◆ YOUR GOAL
The reply should contain all the data below, repeated exactly, and none of the images.

____ DATASET EXTRACT

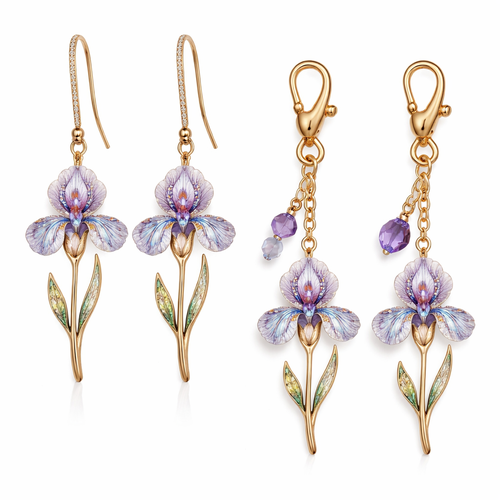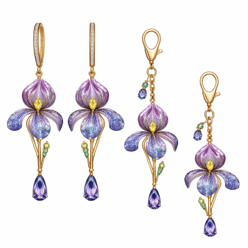 Create simple pendant earrings and bag charms with iris design with gemstones
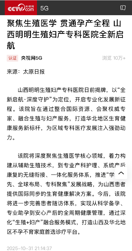 聚焦生殖医学 贯通孕产全程 山西明明生殖妇产专科医院全新启航
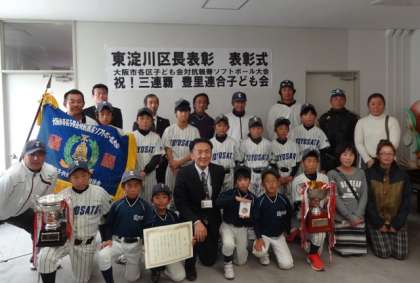 大阪市各区子ども会対抗親善ソフトボール大会の三連覇の偉業を祝し、東淀川区役所への表敬訪問を行い、金谷東淀川区長から表彰状を授与されました。

________

◆ COMPLETED EXERCISE
 Create simple pendant earrings and bag charms with iris design with gemstones
 聚焦生殖医学 贯通孕产全程 山西明明生殖妇产专科医院全新启航
 大阪市各区子ども会対抗親善ソフトボール大会の三連覇の偉業を祝し、東淀川区役所への表敬訪問を行い、金谷東淀川区長から表彰状を授与されました。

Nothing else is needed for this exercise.